Ada’daki üslerinden istifade etmemize müsaade etse de, bunu oyalama vasıtası yapar.

Neticede, merhum Erbakan, merhum Ecevit’e;

• Sizin Londra’dan netice almanız değil, almamanız Kıbrıs’ın hayrınadır.

• Zira, İngilizler

oyalamada mahirdirler.

• Garantörlük hakkımızı kullanmak için başka garantör ülkeye müracaatımız doğru değildir.

• Bu hükümranlık

hakkımızı zedeler.

• Anayasal hakkımız olan garantörlük hakkımızı derhal kullanmalıyız ve akan kanı durdurmalıyız demiştir.

Buna rağmen merhum Ecevit’i Londra’ya yolcu ettik.

• Başbakan Yardımcısı ve Vekili Erbakan, Genelkurmay Başkanı Orgeneral Semih Sancar, Deniz Kuvvetleri Komutanı Oramiral Kemal Kayacan, Hava Kuvvetleri Komutanı Orgeneral Emin Alpkaya, biz ve diğer parti temsilcileri heyeti uğurlamak için Etimesgut Havaalanı’nda bulunduk.  

• Başbakanın uçağı havalandıktan sonra, ayaküstü merhum Erbakan, komutanlardan çıkarma hazırlıklarının ne durumda olduğunu sordu.

• Merhum Sancar, “Harekat için her şey yolunda” dedi.

• Merhum Erbakan, “Kıbrıs 40 mil ötede.

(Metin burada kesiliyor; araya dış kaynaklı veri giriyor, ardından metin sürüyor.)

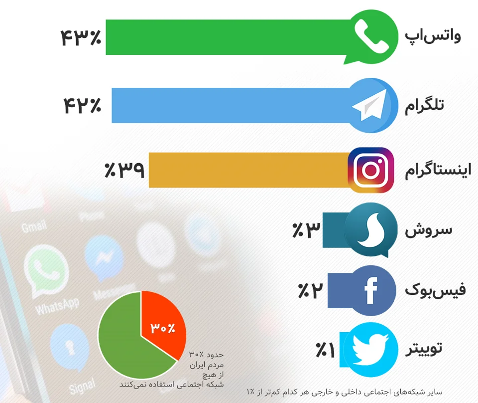 از سوی دیگر برای بررسی میزان نفوذ پلتفرمهای مختلف میتوان به نظرسنجیها و سابقه مطالعات پیشین استفاده کرد. براساس نتایج نظرسنجی ایسپا در سال ۱۴۰۱، ۷۸.۵ درصد مردم ایران دست کم عضو یک شبکه اجتماعی هستند یا از یک پیام رسان استفاده و ۹۶.۹ درصد شرکت کنندگان بین ۱۸ تا ۲۹ ساله بیان داشتهاند حداقل از یک شبکه اجتماعی یا پیام رسان استفاده کنند. ادعا شده واتس اپ با سهم ۷۱.۱ درصدی، محبوبترین پیام رسان در بین شهروندان ایران است. اینستاگرام هم در بین مردم ایران در جایگاه دوم قرار دارد و ۴۹.۴ درصد افراد از آن استفاده میکنند. ادعا شده محبوبیت تلگرام با کاهش ۹ درصدی نسبت به تیرماه ۱۴۰۰ به ۳۱.۶ درصد رسیده است. محبوبیت توییتر هم تنها ۳ درصد عنوان شده است. همین آمار نشان میدهد افراد با تحصیلات بالاتر بیشتر از پیام رسانها یا شبکههای اجتماعی استفاده میکنند و محبوبیت آنها در بین افراد با تحصیلات پایینتر اما با سواد کمتر است.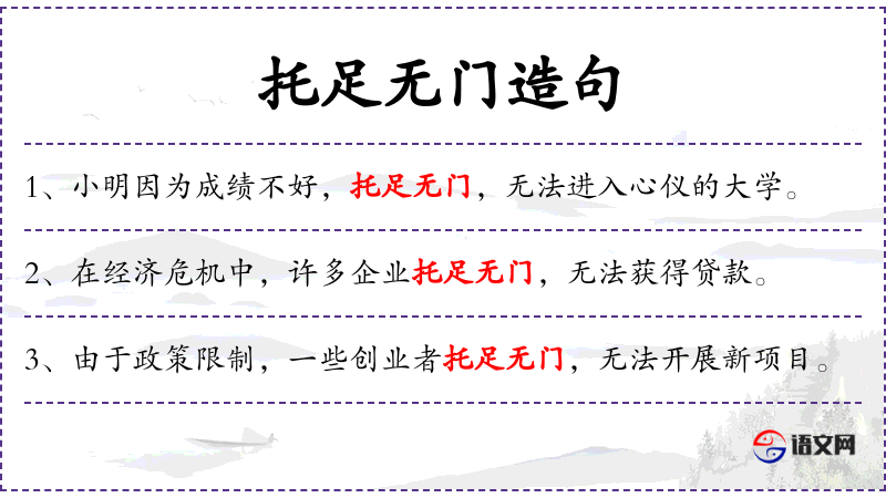 句子:“她因为家庭原因,托足无门,无法继续深造。”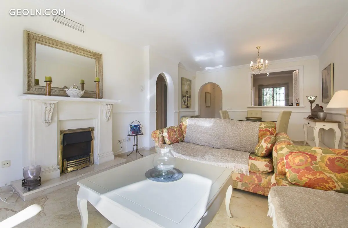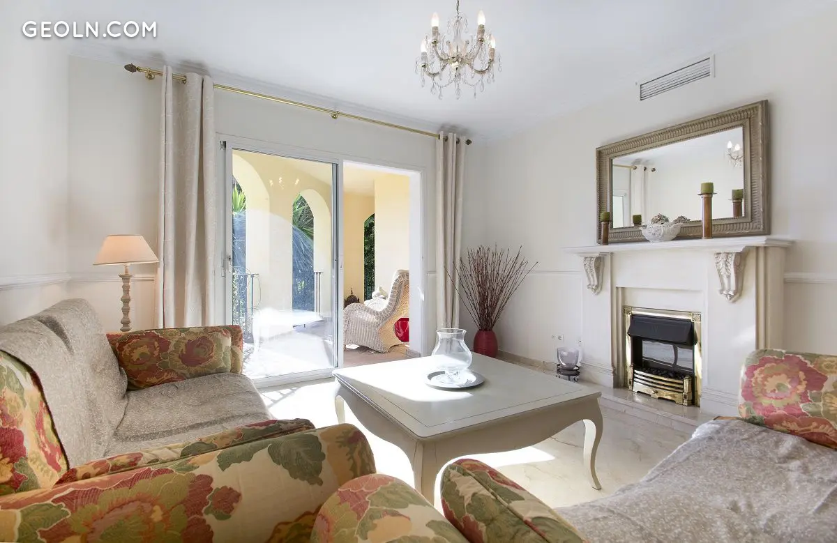 Jasny apartament z 2 sypialniami, 2 łazienkami z kremowymi marmurowymi posadzkami, ogrzewaniem podłogowym w łazienkach, prawdziwym kominkiem i klimatyzacją z ciepłą i zimną wodą.
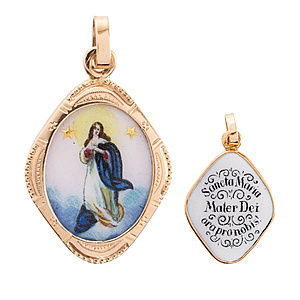 Anhänger, GG 585/000, Emailleschild mit Bildnis der MARIA, farbig bemalt, RV Inschrift: Santa Maria Mater Dei orapronobis, H = 22,0 mm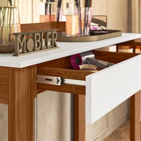 A Escrivaninha Penteadeira possui um amplo espelho iluminado por LEDs.
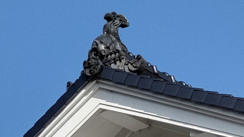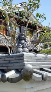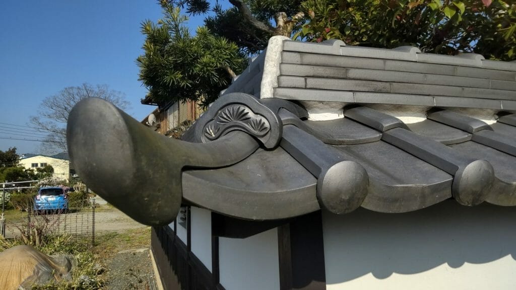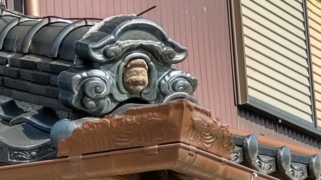 You can find all sorts of things on roofs, as shown in the above photos, which show a Shachi (see information in Wikipedia), a turtle, and even what I assume is the face of Ebisu, the god of success in business, among other things. Most of these have something to do with protecting the house. For example, the mythical Shachi is said to be able to make it rain, i.e., it protects the house from fire. The character for water and wave patterns also provide protection from fire.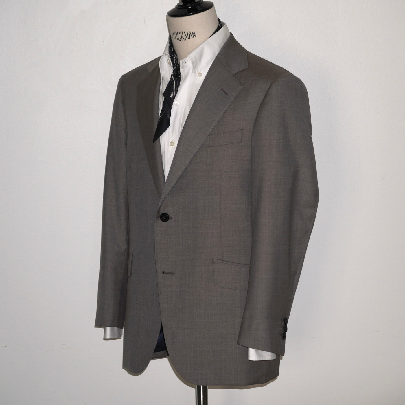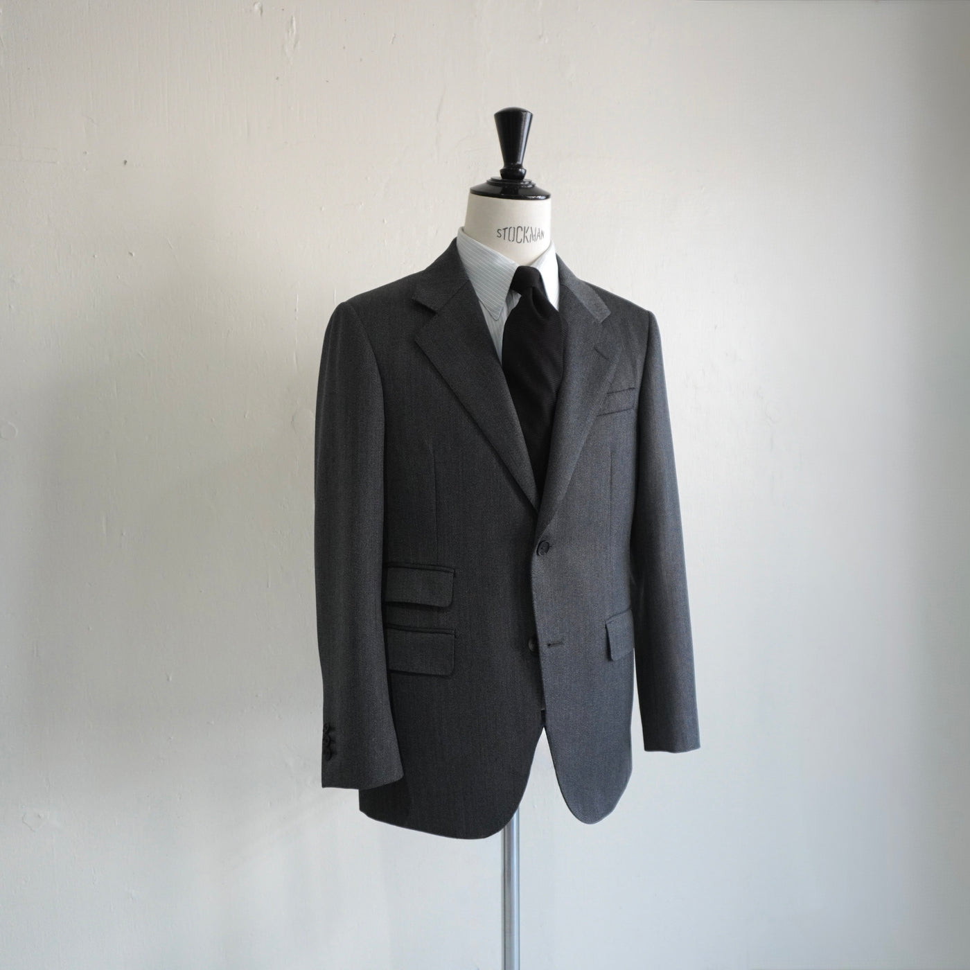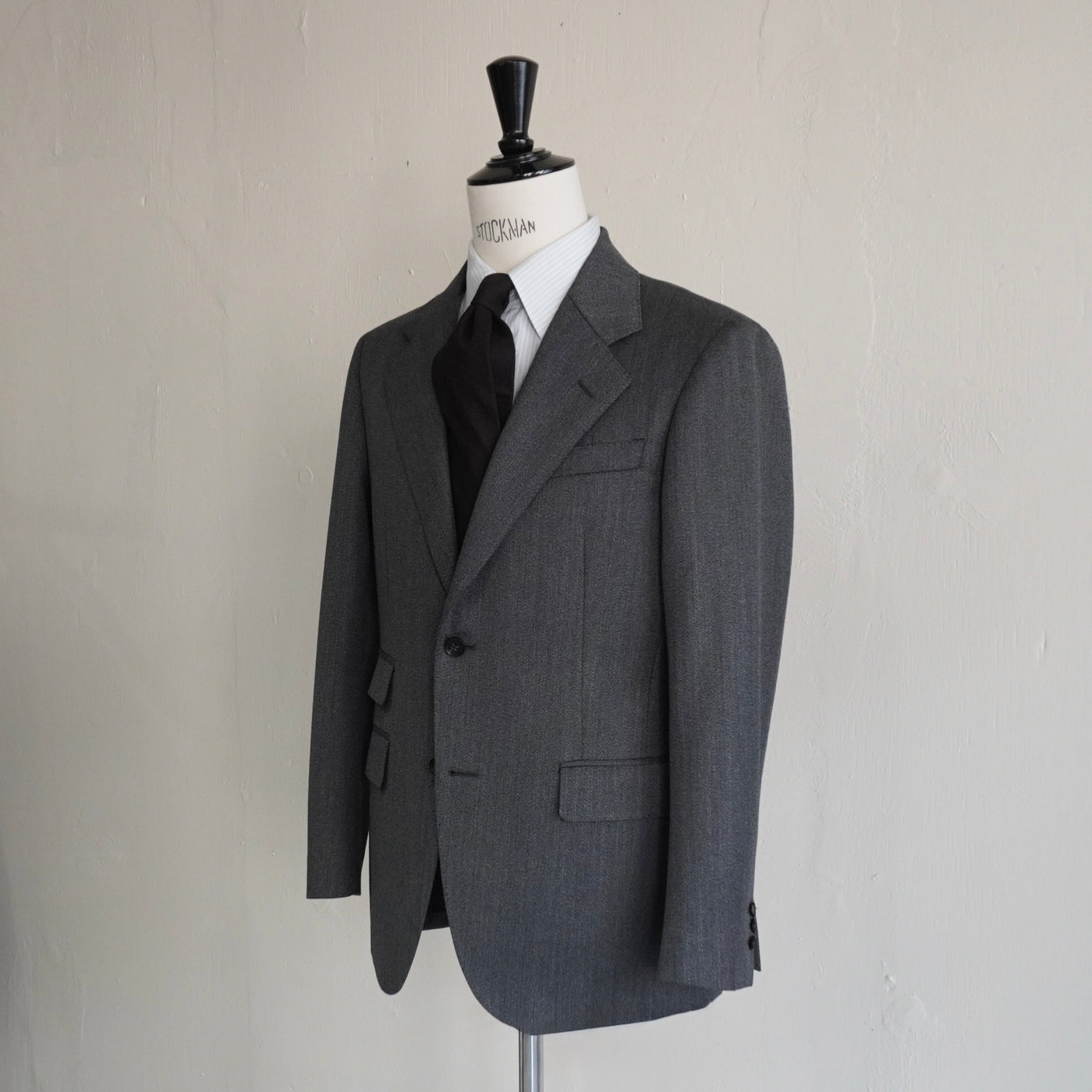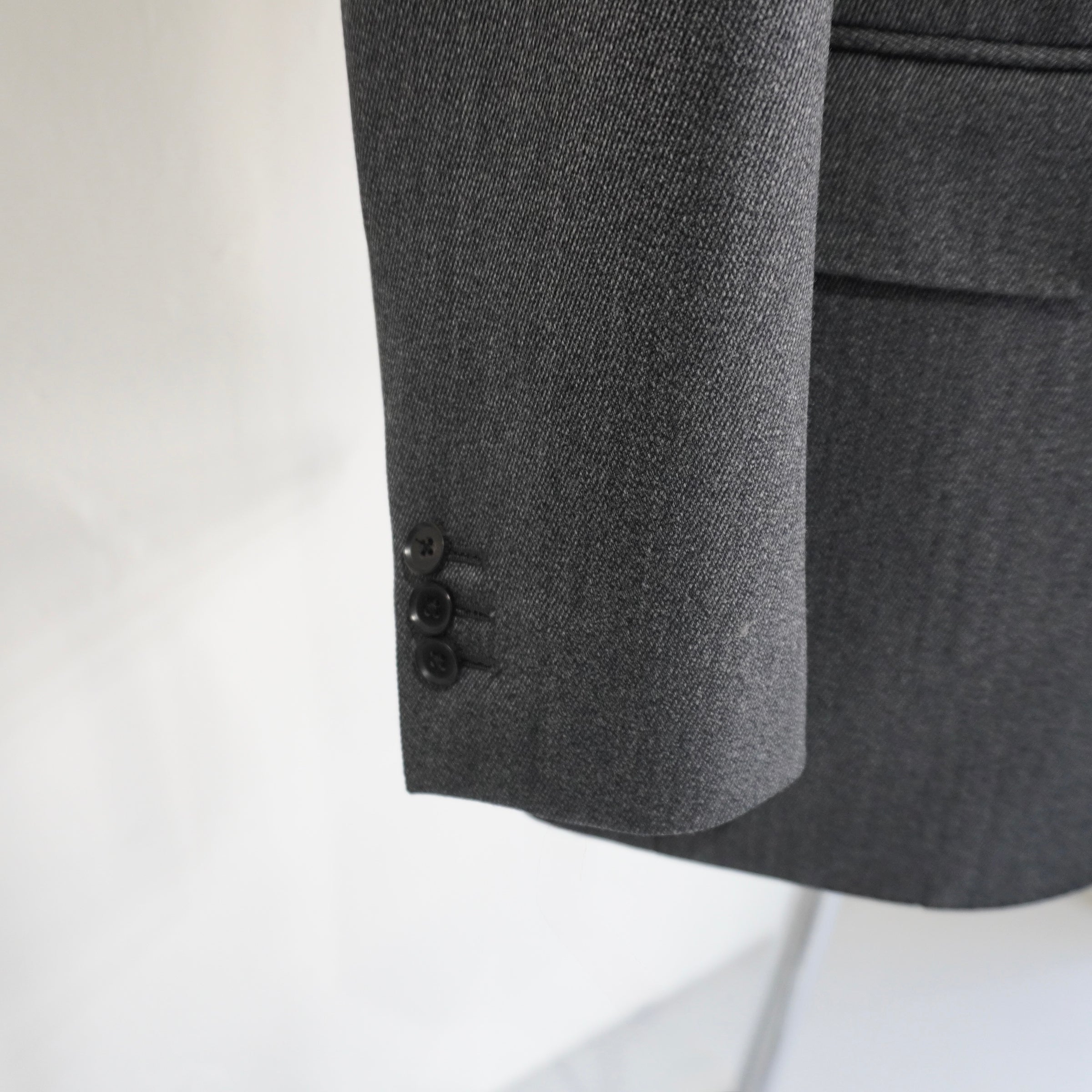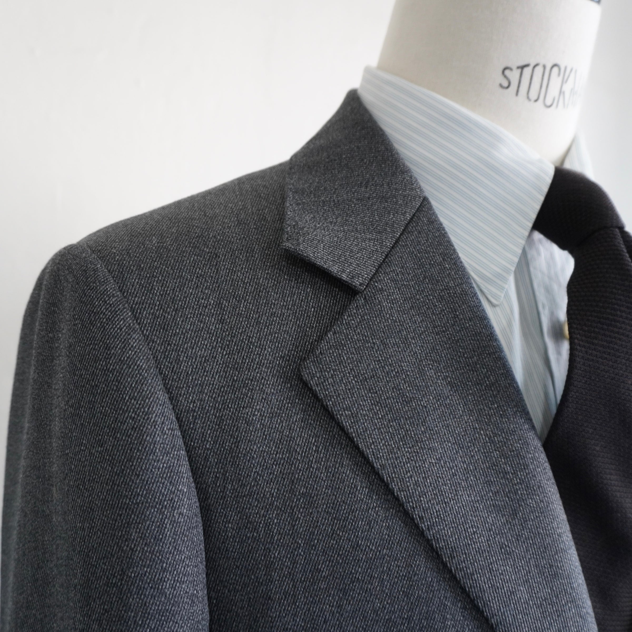 シャークスキン特有の繊細な光沢が、グレーに奥行きを与える。

Bizim çıkarma gemilerimizin sürati kaç mil” diye sordu.

• Cevap

“5 mil” oldu.

• Merhum Erbakan “O zaman 8 saatlik bir zamana ihtiyacımız var” deyince, cevap “evet” oldu.

• Bunun üzerine merhum Erbakan, “ÖYLE İSE ÇIKARMA KARARIMIZ VAR, GEMİLERİ HAREKET ETTİRİNİZ” dedi ve

• “Başbakan vekili olarak ifade edeyim ki bu çok faydalı olacaktır” eklemesini yaptı.

Önemli bir hususu belirtelim ki, Londra’ya giden heyetin Ankara’ya dönüşü, 20.7.1974, saat 01.55 raddeleri idi.

• Eğer o tarih ve saatten sonra deniz birliklerine hareket emri verilseydi 40 mil uzakta bulunan ve 5 mil süratle hareket eden çıkarma birliklerimiz Kıbrıs adasına ancak 20 Temmuz 1974 günü saat 10.00’da varabilirdi.

• Oysa 20.7.1974 tarihinde çıkarma harekatının sabah 06.30 raddelerinde başladığı bilinmektedir.  

• Demek ki birliklere hareket emri daha önce verilmiştir.

• Emri veren de Başbakan Yardımcısı ve Vekili Erbakan’dır.

• Bu sebeple E. Tümgeneral Cumhur Evcil kitabı’nda, 18.7.1974 Perşembe günü için,  “Mersin’de toplanmış Türk Deniz Kuvvetlerine ait gemiler de o gece yüklemeye başladı” demek suretiyle açıklamalarımızı teyit etmektedir.

• Malumdur ki, zaferi kazanan ordulardır, isim ise komutana mal edilir.

• Bu düşünce ordu hiyerarşisinde doğrudur.

• Ancak Kıbrıs Barış Harekâtı’nda olduğu gibi sivil yönetimde, hele hele koalisyon hükümetlerinde bu tarz düşüncenin yeri yoktur.

• Başarı da ortaktır,  hezimet de ortak.

• Biz de çok iyi biliyoruz ki, Kıbrıs Barış Harekâtı’nın her kademesinde, her görüşme ve müzakere sürecinde merhum Erbakan vardır.